I don't see any flock'able resource shared between instances, do you?

-- 
Bernhard
Comment 8 Eugene Grosbein 2011-01-04 09:44:36 UTC
On 04.01.2011 15:39, Bernhard Schmidt wrote:

>> Proper fine-grained locking was always good solution for race problem :-)
>> How about using flock(2) in wpa_supplicant source code?
> 
> I don't see any flock'able resource shared between instances, do you?

Just use pidfile(3) :-)
Comment 9 Bernhard Schmidt freebsd_committer freebsd_triage 2011-01-17 20:27:36 UTC
Hi,

can you give attached patch a shot? Just apply it to /etc/devd.conf and 
restart devd. This should fix the issue with netif restart.

Thanks.

-- 
Bernhard
Comment 10 Bernhard Schmidt freebsd_committer freebsd_triage 2011-01-18 10:23:32 UTC
State Changed
From-To: suspended->feedback

feedback requested
Comment 11 Raphael Kubo da Costa 2011-01-19 00:41:32 UTC
On 01/17/2011 18:27, Bernhard Schmidt wrote:
> Hi,
>
> can you give attached patch a shot? Just apply it to /etc/devd.conf and
> restart devd. This should fix the issue with netif restart.
>
> Thanks.

Hi,

I applied the patch, then stopped devd and netif (in this order). After 
that, I started devd and netif (in this order).

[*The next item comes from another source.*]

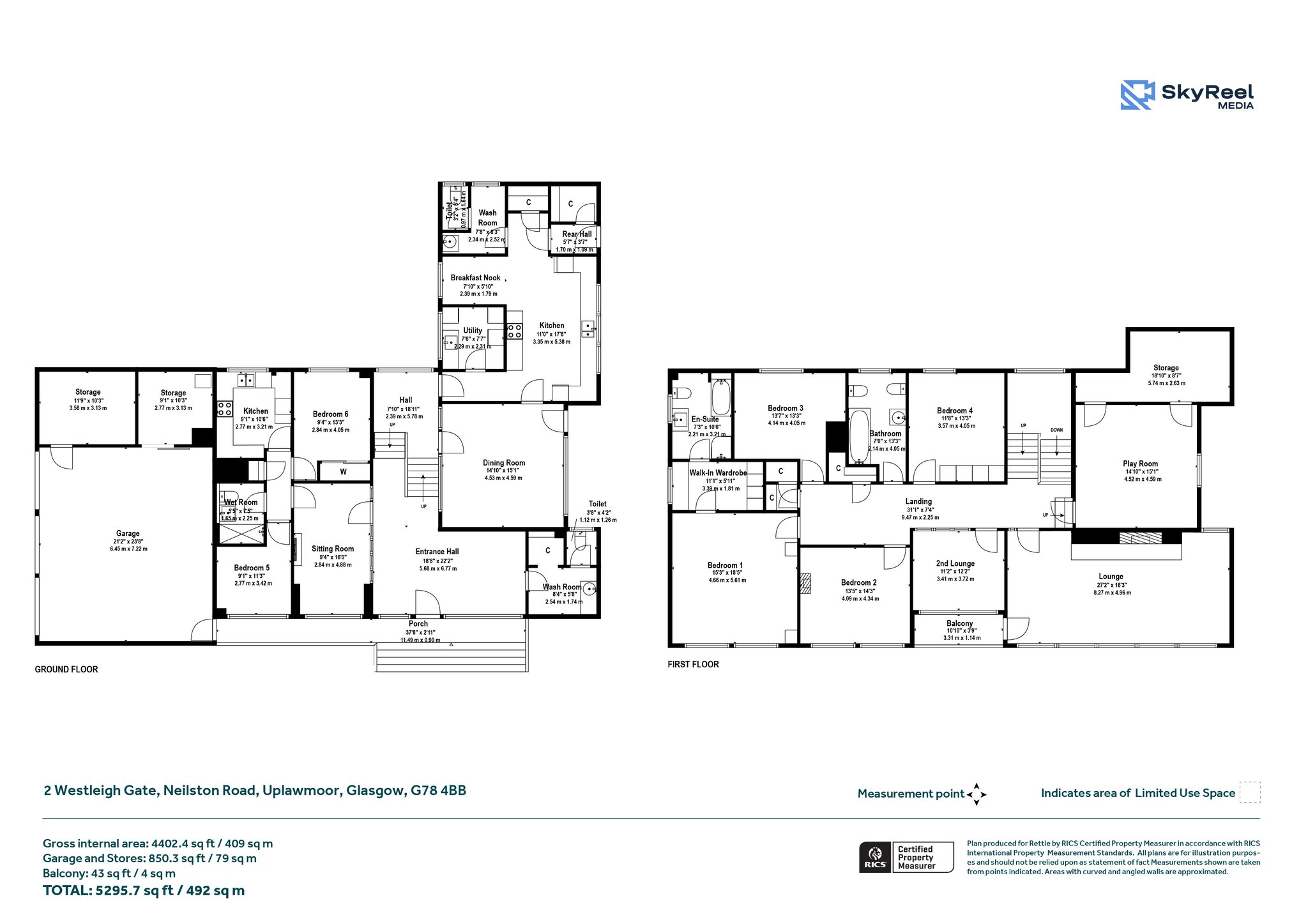 This level also plays host to significant additional bedroom accommodation, including a superb principal bedroom suite with impressive floor area and excellent proximity to bathrooms. Four further double bedrooms line the upper hallway, each wellserved by the family bathroom. A further versatile room, located on the first floor can be used as a bedroom or games room and is complimented by a large walk in store.
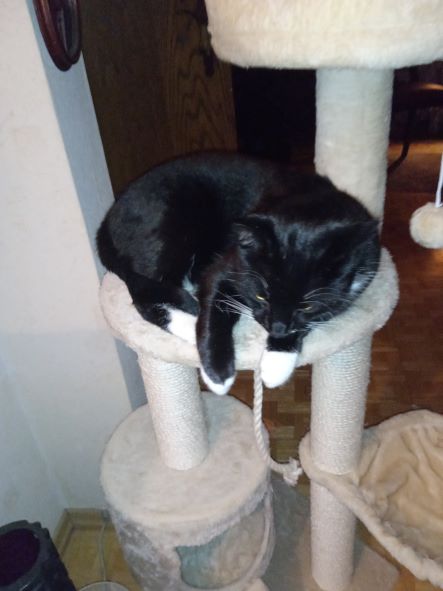 Schnell wurde es Abend und ich wartete ab, was kommt. Wie fast nicht anders zu erwarten ging Pauli mit und legte sich wie selbstverständlich neben mich. Seinen Kratzbaum habe ich mit Hantelgewichten beschwert, wenn er in vollem Lauf draufspringt, geriet er ins wanken.

I did not lose packets when pinging a remote host, nor did I lose any 
after ~2 netif restarts. In the third time, I started losing more 
packets than before, and the problem persisted after another restart.

I then stopped devd again, then stopped netif again, started both again 
and the problem disappeared. So it seems not to have completely vanished.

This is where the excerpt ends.